* _Extracted data_
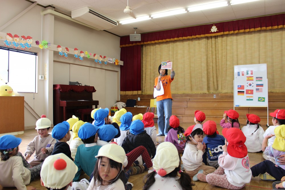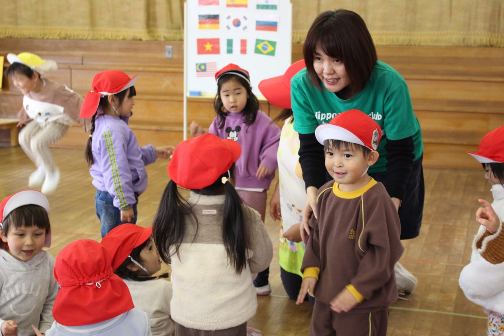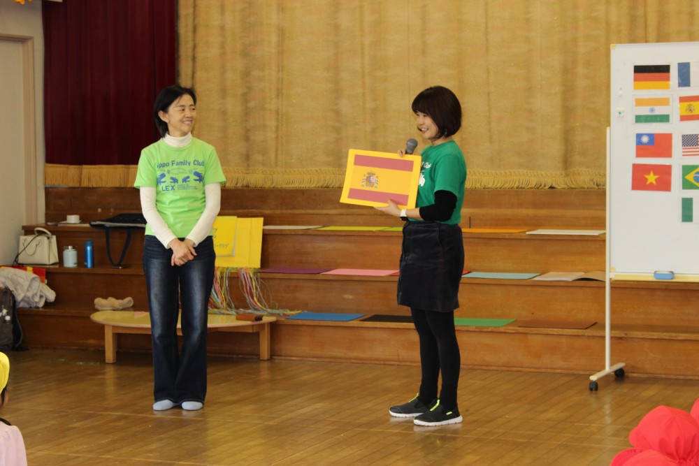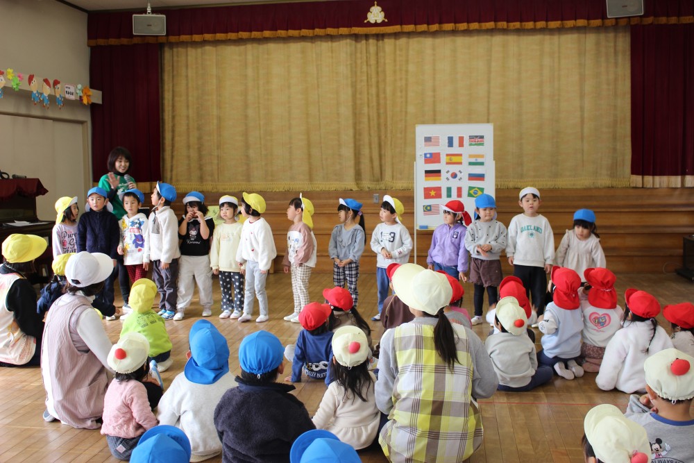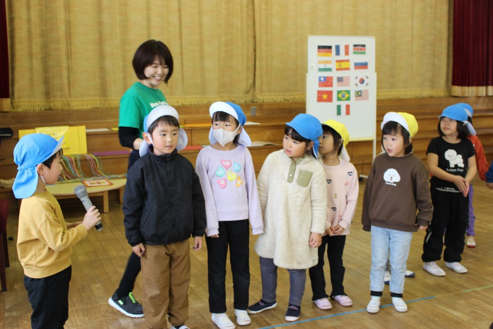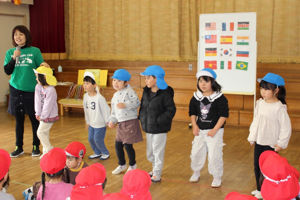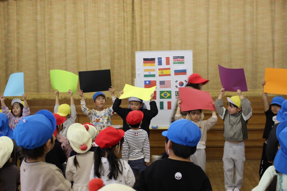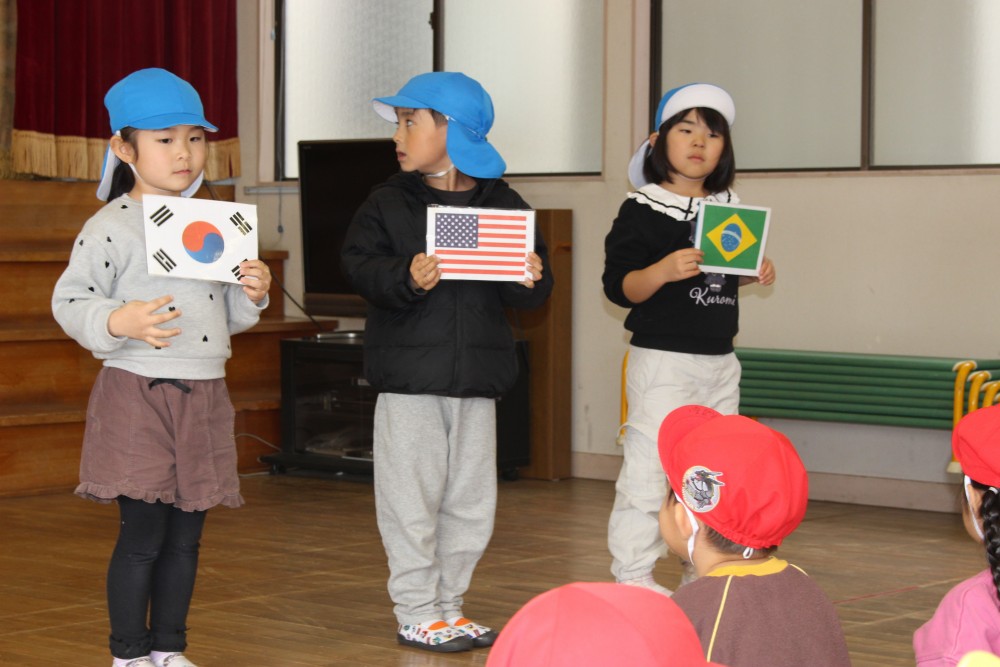 国旗の国のことばで挨拶をしてからじゃんけんをしました。
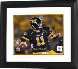 Blaine Gabbert had a stellar debut in 2009, he was given the reins to the offense and immediately showcased his talent as the first-string man under center for the Tigers, throwing for more than 300 yards and three touchdowns in his debut as the starter, while finishing the season as one of the highest-rated passers in the nation and forming a notable connection with wideout Jeremy Maclin, who ended the ‘08 campaign with over 1,200 yards through the air and was eventually drafted by the Eagles. As a junior, he put up similar statistical totals while improving his accuracy and led Missouri to a 10-win season before announcing that he would forgo his senior season and enter the 2011 NFL Draft as one of the country’s top up-and-coming quarterback prospects. Private Signing 4/23/2011. Blaine Gabbert has hand signed this Missouri Tigers 8x10 Photo. Custom White Mat and Premium Black Frame as shown. Photo of the Signing and Certificate of Authenticity from Athlon Sports.
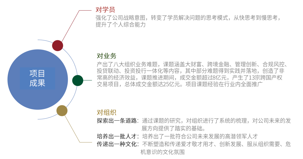 產(chǎn)出了八大組織業(yè)務(wù)難題,課題涵蓋大財(cái)富、跨境金融、管理創(chuàng)新、合規(guī)風(fēng)控、投貸聯(lián)動(dòng)、投資投行一體化等內(nèi)容,其中部分難題得到實(shí)踐并落地,創(chuàng)造了非常高的經(jīng)濟(jì)效益,課題推進(jìn)期間,成交金額超過(guò)8億元,產(chǎn)生了13宗跨國(guó)產(chǎn)權(quán)交易項(xiàng)目,總體成交金額達(dá)25億元。項(xiàng)目課題經(jīng)驗(yàn)在行業(yè)內(nèi)全面推廣
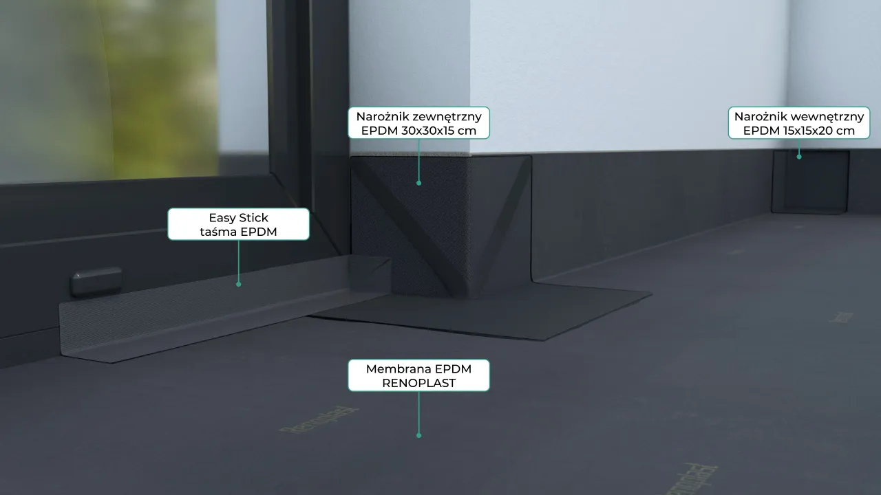 Hydroizolacja EPDM to zestaw materiałów umożliwiających wykonanie warstwy izolacji przeciwwodnej na tarasach i balkonach z posadzką wentylowaną i schodach zewnętrznych z okładziną wentylowaną. Głównym elementem hydroizolacji jest membrana EPDM o grubości 1,1 mm. Pozostałe elementy hydroizolacji na balkon to narożniki wewnętrzne i zewnętrzne EPDM, taśma samoprzylepna EPDM laminowana butylem, kołnierz uszczelniający EPDM, klej i uszczelniacz do membran EPDM. Hydroizolacja EPDM jest jedyną hydroizolacją o pełnej odporności na oddziaływanie agresywnego środowiska chemicznego, jakie może pojawić się na tarasach, balkonach i schodach zewnętrznych, w tym na działanie środków do odmrażania oraz chemii używanej do czyszczenia. Występująca jako uszczelnienie tarasu w technologii klejonej hydroizolacja EPDM jest prosta do wykonania - nie wymaga użycia skomplikowanego i kosztownego sprzętu, jak ma to miejsce przy wykonywaniu łączeń zgrzewanych. Wszystkie profile okapowe Renoplast do posadzek wentylowanych są przygotowane do zastosowania z hydroizolacją EPDM.
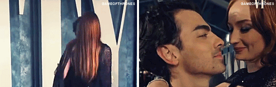→Encore un petit événement avant son tournage : habituée de l'événement, Sophie Turner était à l'after-party de Vanity Fair avec son mari Joe Jonas. Je suis très agréablement surprise : cette robe change de ses dernières sorties, et je trouve qu'elle est tellement sexy avec ses longues jambes dévoilées ainsi, le voilage et les paillettes donnent un côté tellement glamour !
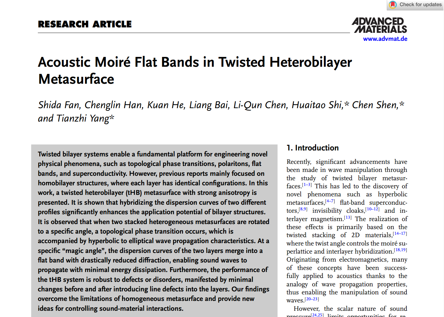 近日,东北大学机械学院杨天智教授联合沈阳建筑大学石怀涛教授团队、美国罗文大学Chen Shen教授团队在“异质双层摩尔超表面”体系相关研究重取得重要突破,相关成果以”Acoustic Moiré Flat Bands in Twisted Heterobilayer Metasurface”。东北大学机械工程学院为第一完成单位,东北大学博士生范世达、韩承霖为共同第一作者,杨天智教授、石怀涛教授和Chen Shen教授为共同通讯作者。东北大学何宽、白亮和哈尔滨工业大学陈立群教授也对论文作出了重要贡献。
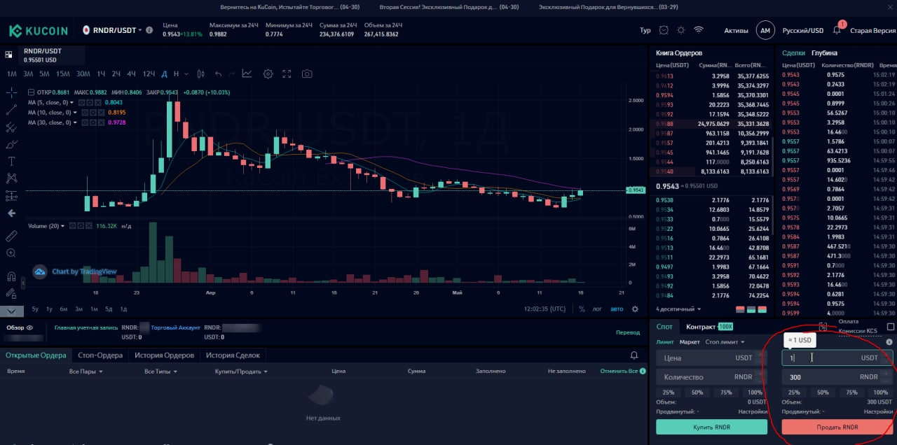 далее уже либо выводим либо покупаем заново RNDR токены и храним на бирже до лучших времен.
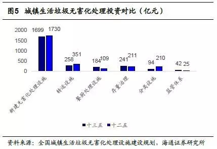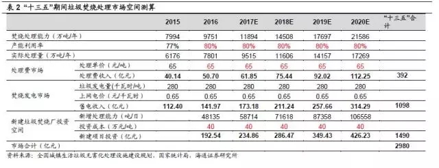 按照垃圾焚燒規(guī)劃新增處理能力對市場空間進(jìn)行測算,“十三五”期間垃圾焚燒處理費(fèi)市場空間總計近400億元,焚燒發(fā)電市場空間約1100億元,兩者合計運(yùn)營收入約1500億元;此外,新增處理能力所需的建設(shè)投資總計近1500億元,垃圾焚燒市場空間巨大。
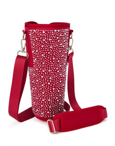 Stay hydrated in style with this fun and colorful red rhinestone tumbler sling bag! This convenient bag will hold your water bottle or tumbler without weighing you down. Exclusively at Spencer's Dimensions: 9.5" H x 6.5" W x 1.5" D Material: Polyester Capacity: 3.7 lbs. Adjustable Velcro Closure Spot clean Imported.
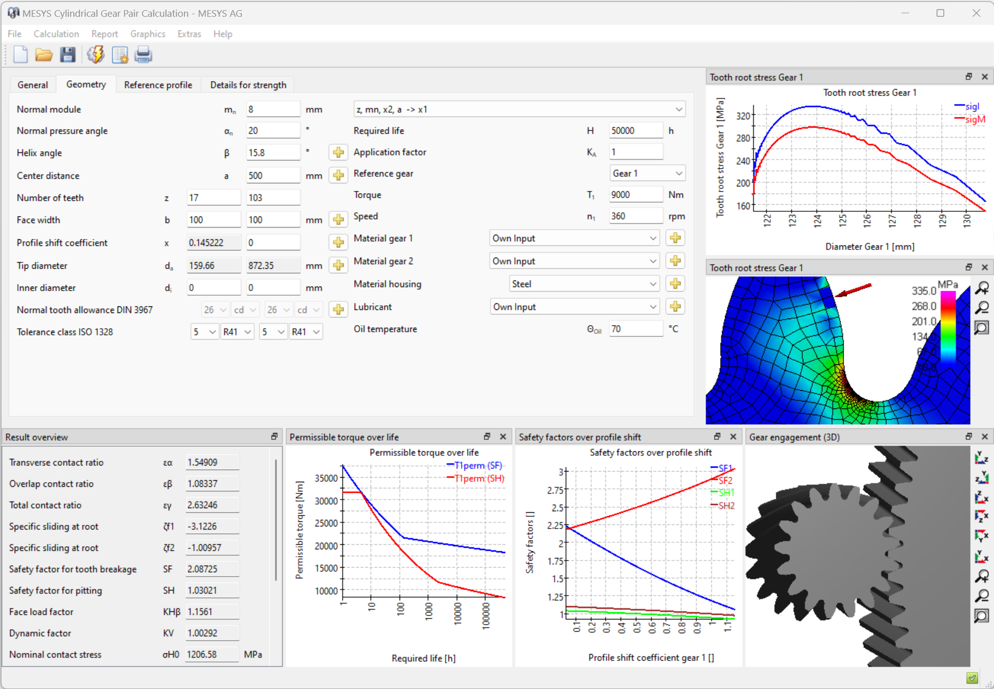 - Festigkeitsberechnung nach ISO 6336 Teile 1, 2, 3, 5, 6. Verschiedene Optionen für die Zahndicke und die Überdeckung können gewählt werden.

* _Exercise_
Please produce an exact copy of all the material, leaving out the pictures.

* _Reply to the exercise_
 国旗の国のことばで挨拶をしてからじゃんけんをしました。
 Blaine Gabbert had a stellar debut in 2009, he was given the reins to the offense and immediately showcased his talent as the first-string man under center for the Tigers, throwing for more than 300 yards and three touchdowns in his debut as the starter, while finishing the season as one of the highest-rated passers in the nation and forming a notable connection with wideout Jeremy Maclin, who ended the ‘08 campaign with over 1,200 yards through the air and was eventually drafted by the Eagles. As a junior, he put up similar statistical totals while improving his accuracy and led Missouri to a 10-win season before announcing that he would forgo his senior season and enter the 2011 NFL Draft as one of the country’s top up-and-coming quarterback prospects. Private Signing 4/23/2011. Blaine Gabbert has hand signed this Missouri Tigers 8x10 Photo. Custom White Mat and Premium Black Frame as shown. Photo of the Signing and Certificate of Authenticity from Athlon Sports.
 產(chǎn)出了八大組織業(yè)務(wù)難題,課題涵蓋大財(cái)富、跨境金融、管理創(chuàng)新、合規(guī)風(fēng)控、投貸聯(lián)動(dòng)、投資投行一體化等內(nèi)容,其中部分難題得到實(shí)踐并落地,創(chuàng)造了非常高的經(jīng)濟(jì)效益,課題推進(jìn)期間,成交金額超過(guò)8億元,產(chǎn)生了13宗跨國(guó)產(chǎn)權(quán)交易項(xiàng)目,總體成交金額達(dá)25億元。項(xiàng)目課題經(jīng)驗(yàn)在行業(yè)內(nèi)全面推廣
 Hydroizolacja EPDM to zestaw materiałów umożliwiających wykonanie warstwy izolacji przeciwwodnej na tarasach i balkonach z posadzką wentylowaną i schodach zewnętrznych z okładziną wentylowaną. Głównym elementem hydroizolacji jest membrana EPDM o grubości 1,1 mm. Pozostałe elementy hydroizolacji na balkon to narożniki wewnętrzne i zewnętrzne EPDM, taśma samoprzylepna EPDM laminowana butylem, kołnierz uszczelniający EPDM, klej i uszczelniacz do membran EPDM. Hydroizolacja EPDM jest jedyną hydroizolacją o pełnej odporności na oddziaływanie agresywnego środowiska chemicznego, jakie może pojawić się na tarasach, balkonach i schodach zewnętrznych, w tym na działanie środków do odmrażania oraz chemii używanej do czyszczenia. Występująca jako uszczelnienie tarasu w technologii klejonej hydroizolacja EPDM jest prosta do wykonania - nie wymaga użycia skomplikowanego i kosztownego sprzętu, jak ma to miejsce przy wykonywaniu łączeń zgrzewanych. Wszystkie profile okapowe Renoplast do posadzek wentylowanych są przygotowane do zastosowania z hydroizolacją EPDM.
→Encore un petit événement avant son tournage : habituée de l'événement, Sophie Turner était à l'after-party de Vanity Fair avec son mari Joe Jonas. Je suis très agréablement surprise : cette robe change de ses dernières sorties, et je trouve qu'elle est tellement sexy avec ses longues jambes dévoilées ainsi, le voilage et les paillettes donnent un côté tellement glamour !
 近日,东北大学机械学院杨天智教授联合沈阳建筑大学石怀涛教授团队、美国罗文大学Chen Shen教授团队在“异质双层摩尔超表面”体系相关研究重取得重要突破,相关成果以”Acoustic Moiré Flat Bands in Twisted Heterobilayer Metasurface”。东北大学机械工程学院为第一完成单位,东北大学博士生范世达、韩承霖为共同第一作者,杨天智教授、石怀涛教授和Chen Shen教授为共同通讯作者。东北大学何宽、白亮和哈尔滨工业大学陈立群教授也对论文作出了重要贡献。
 далее уже либо выводим либо покупаем заново RNDR токены и храним на бирже до лучших времен.
 按照垃圾焚燒規(guī)劃新增處理能力對市場空間進(jìn)行測算,“十三五”期間垃圾焚燒處理費(fèi)市場空間總計近400億元,焚燒發(fā)電市場空間約1100億元,兩者合計運(yùn)營收入約1500億元;此外,新增處理能力所需的建設(shè)投資總計近1500億元,垃圾焚燒市場空間巨大。
 Stay hydrated in style with this fun and colorful red rhinestone tumbler sling bag! This convenient bag will hold your water bottle or tumbler without weighing you down. Exclusively at Spencer's Dimensions: 9.5" H x 6.5" W x 1.5" D Material: Polyester Capacity: 3.7 lbs. Adjustable Velcro Closure Spot clean Imported.
 - Festigkeitsberechnung nach ISO 6336 Teile 1, 2, 3, 5, 6. Verschiedene Optionen für die Zahndicke und die Überdeckung können gewählt werden.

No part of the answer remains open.